Based on this multivariate regression model, a manual transmission car has a fuel efficiency of 2.94 MPG higher than that of automatic transmission cars. The adjusted R^2 of the model is 0.834, meaning that 83% of the variance in mpg can be explained by the model.

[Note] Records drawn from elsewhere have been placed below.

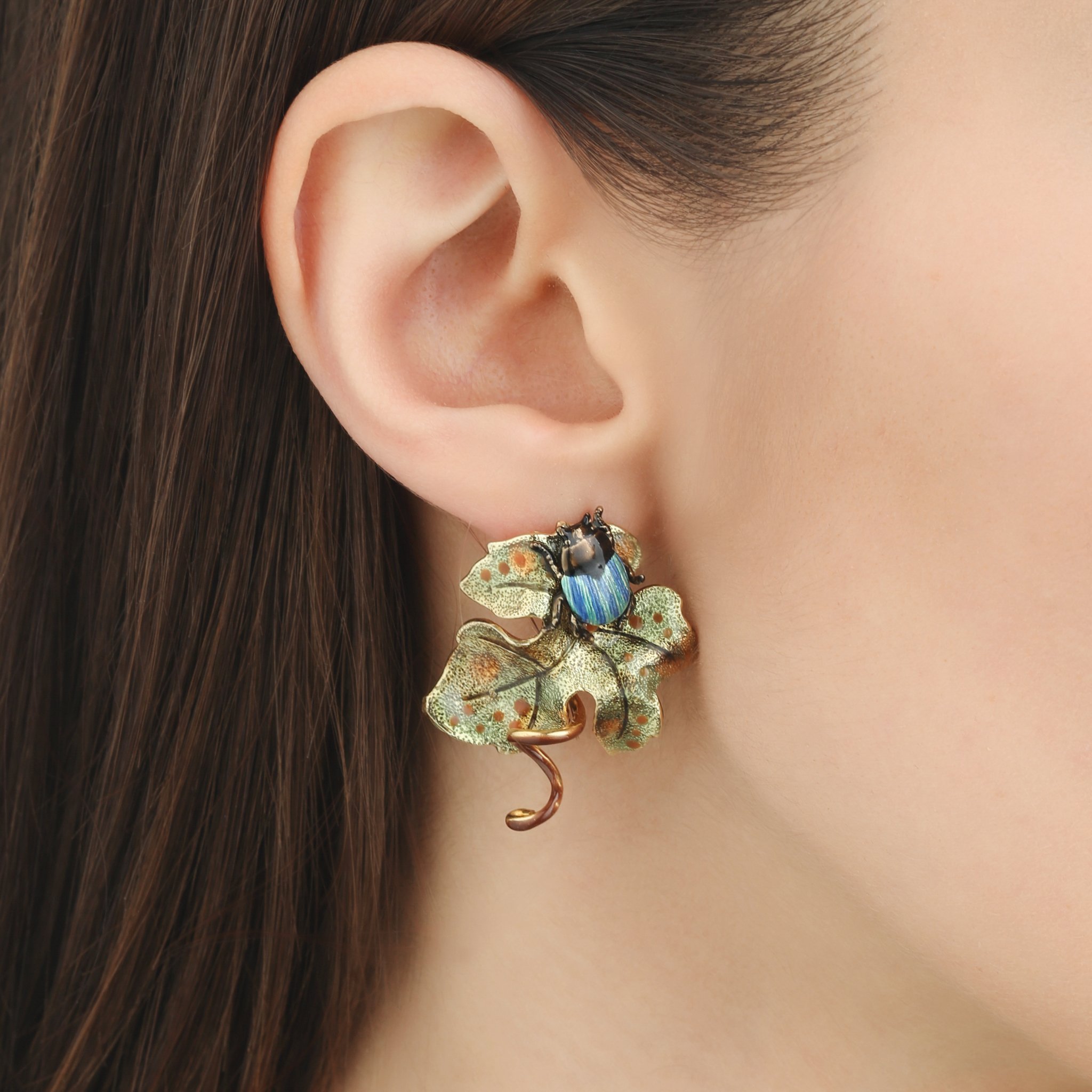 Ottone placcato oro, perni in argento 925°, smalti a mano tecnica a caldo, prodotto in Italia
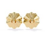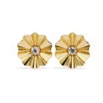 The earrings feature a stylized floral design, resembling a blooming flower or a sunburst. They have a central diamond surrounded by radiating, petal-like structures with a fluted or pleated texture.
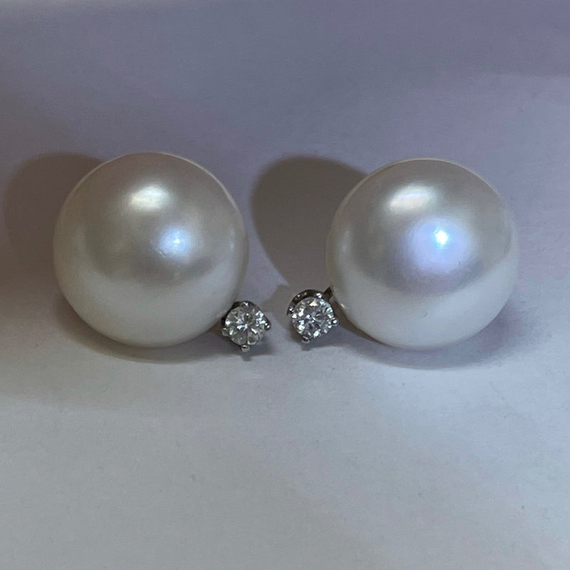 14mm Pearl and .16CT Diamond 14K White Gold Stud Earrings
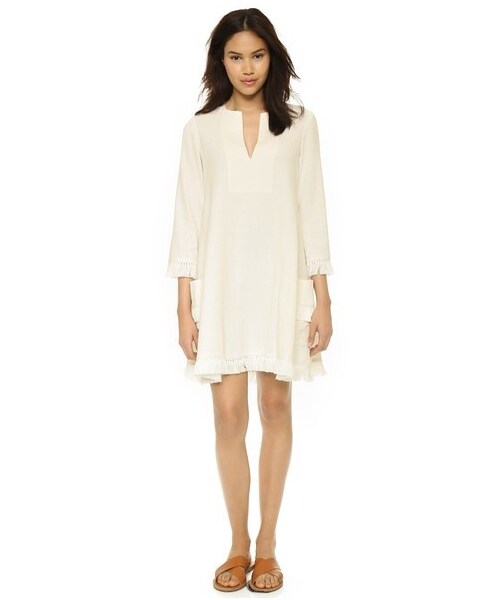 Fine strands form a loose, woven pattern on this BCBGMAXAZRIA dress. Fringe trim creates a vintage-inspired finish. Low patch pockets. 3/4 sleeves. Unlined. Fabric: Loose, patterned weave. 100% cotton. Hand wash. Imported, China. Measurements Length: 31in / 79cm, from shoulder Measurements from size S
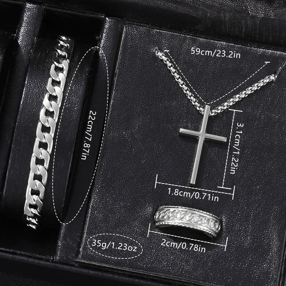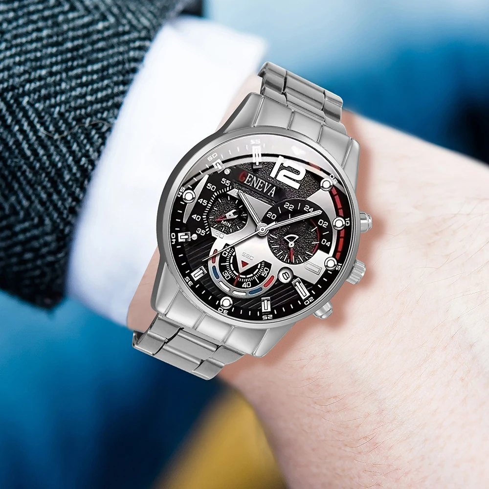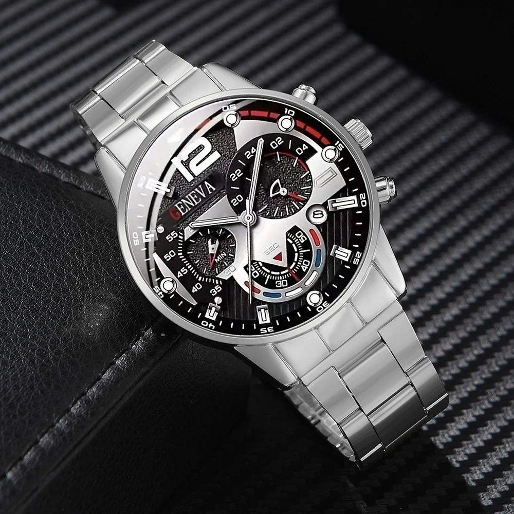 4PCS/Set Fashion Men’s Stainless Steel Band Watch Casual Calendar Quartz Watch Jewelry Set
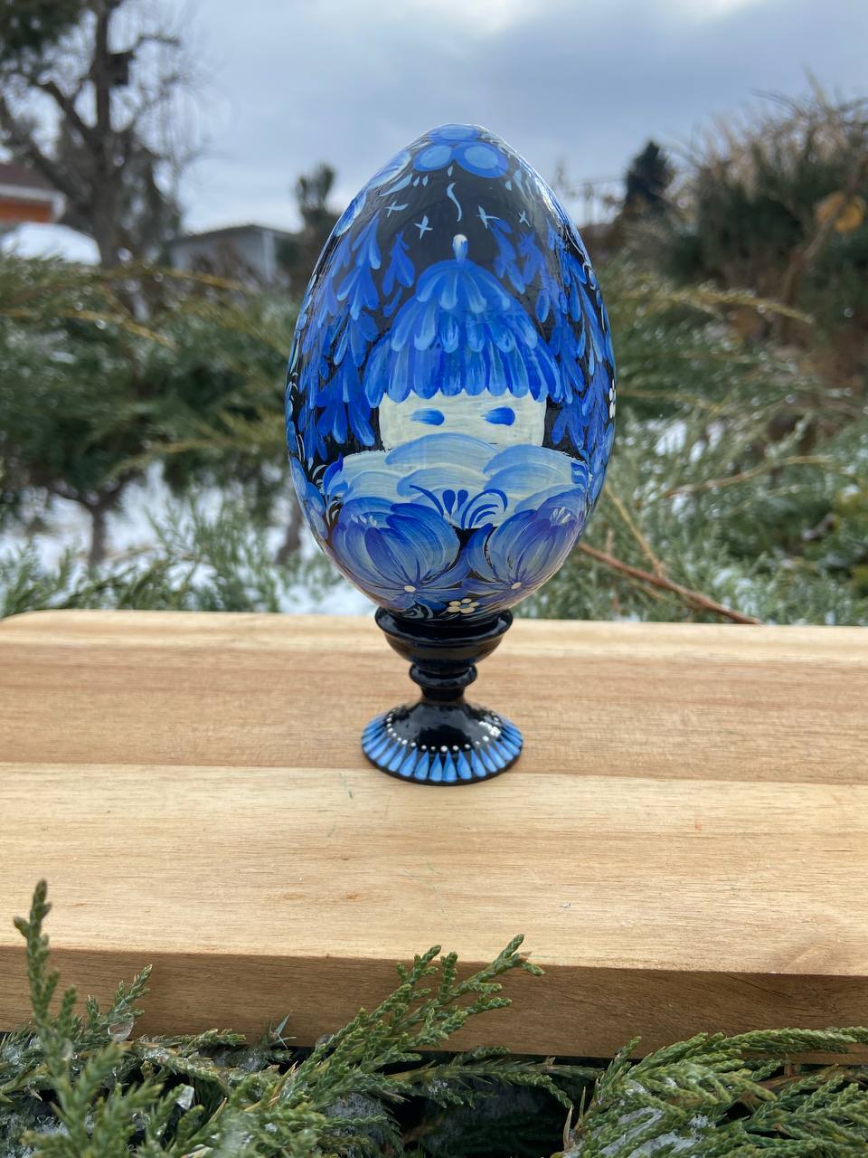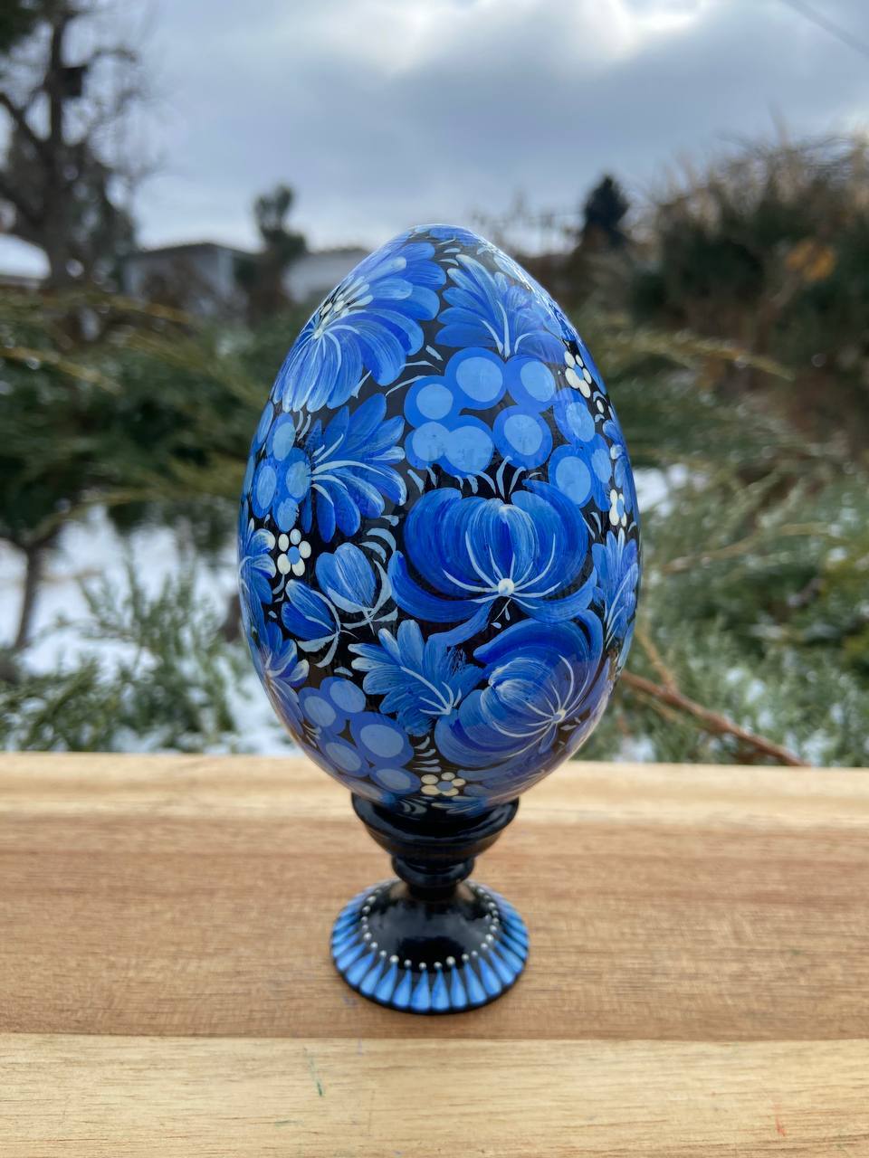 当店のプィサンカは、ウクライナのドニプロに位置するペトリキフカ村で、熟練の職人によってハンドペイントで制作されたイースターエッグです。スタンド付きでシーンを選ばずすぐに飾ることが可能です。
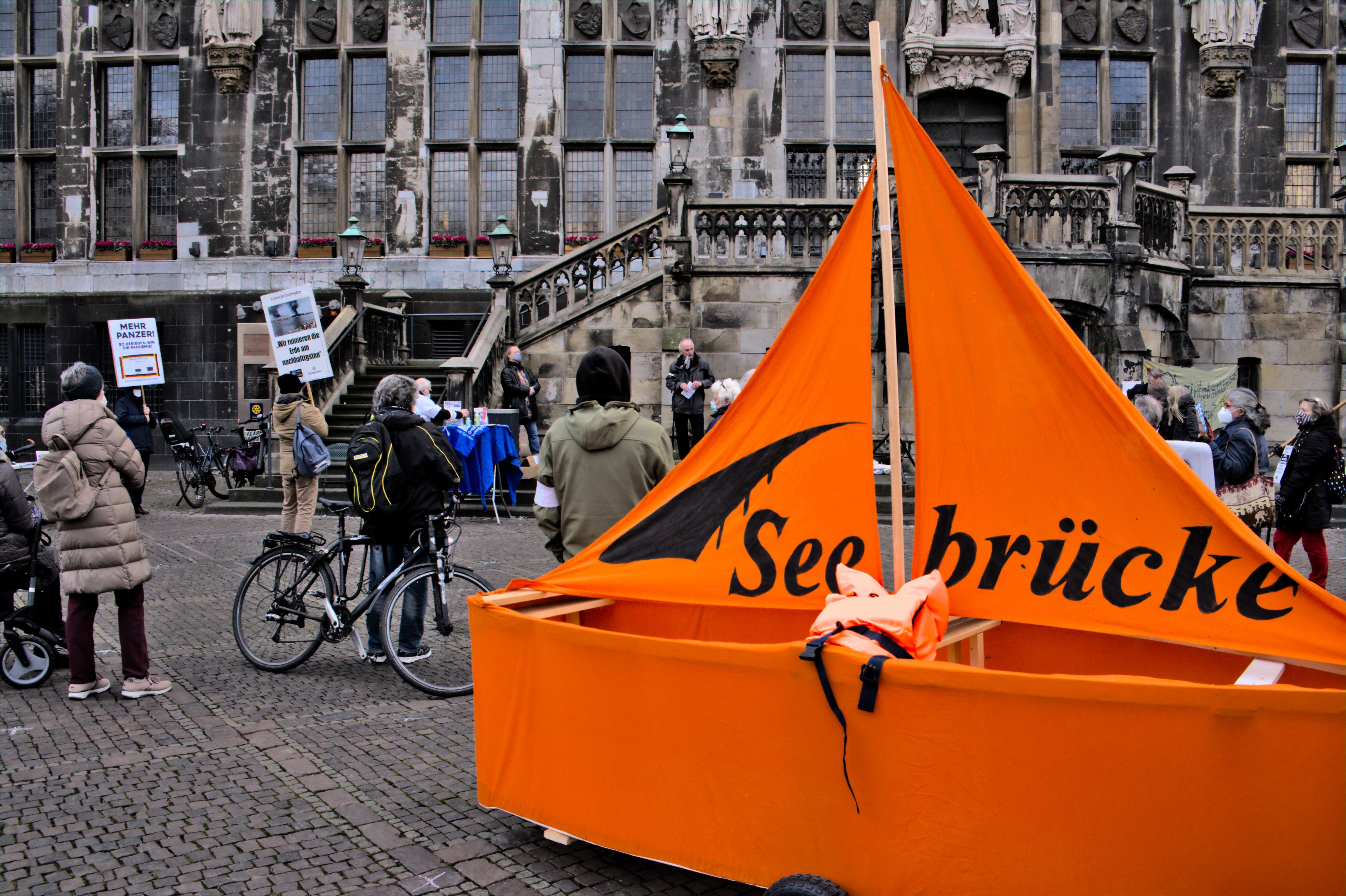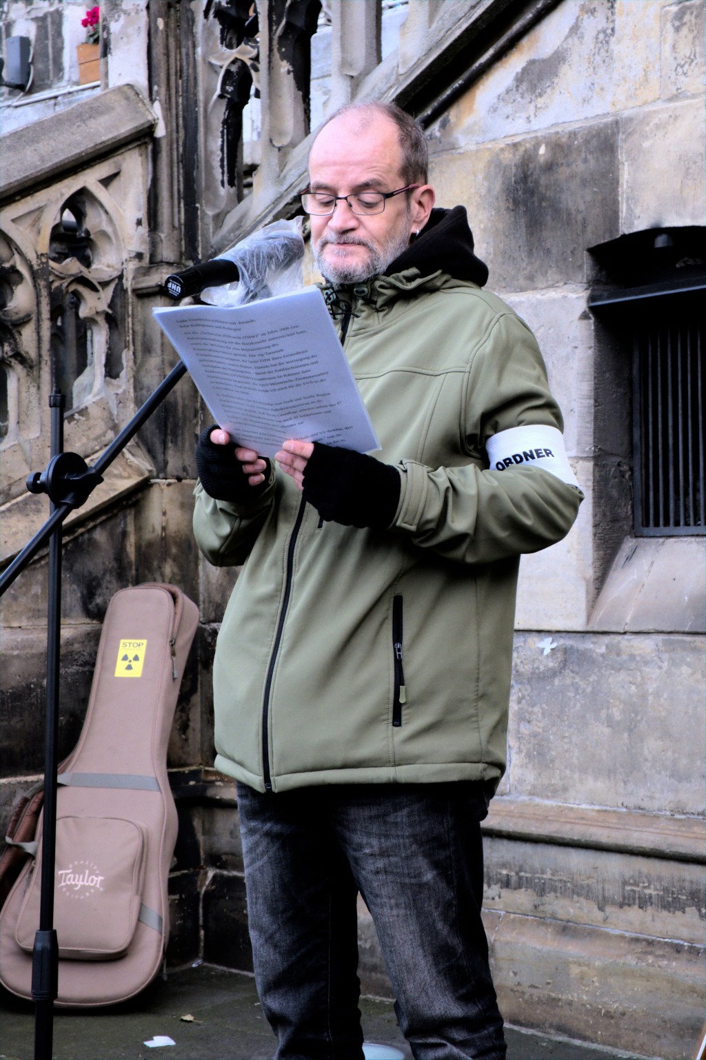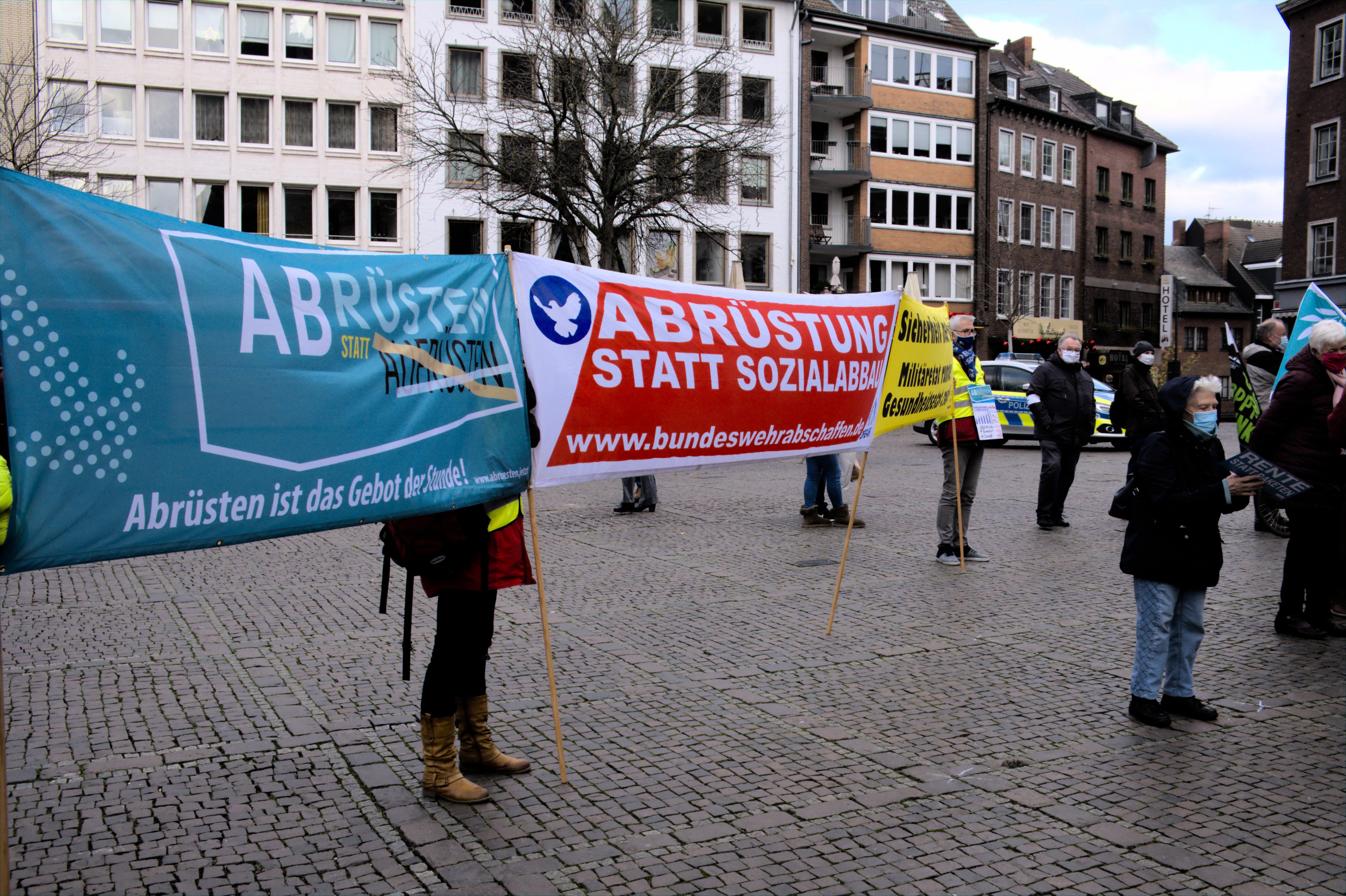 Reden: von links: VVN, Pax Christi für das Bündnis keine Atombomben rund um Aachen, DKP, Bürger+innen Asyl Aachen, Antikriegsbündnis

fit_step<-lm(mpg~ am + wt + qsec, data = mtcars)
anova(fit_1, fit_step)
## Analysis of Variance Table
##
## Model 1: mpg ~ am
## Model 2: mpg ~ am + wt + qsec
## Res.Df RSS Df Sum of Sq F Pr(>F)
## 1 30 720.90
## 2 28 169.29 2 551.61 45.618 1.55e-09 ***
## ---
## Signif. codes: 0 '***' 0.001 '**' 0.01 '*' 0.05 '.' 0.1 ' ' 1
The p-value indicates that we should reject the null hypothesis that the means from both models are the same. That is, the weight and acceleration of the car have a significant impact on it’s MPG.
In conclusion, holding the weight and acceleration (qsec) of the car constant, manual transmission cars offer 2.94 MPG better fuel efficiency.
par(mfrow = c(2,2))
plot(fit_2)
From the plot of the residuals, we observe that while there are a few outliers, there is nothing significant that skews the data.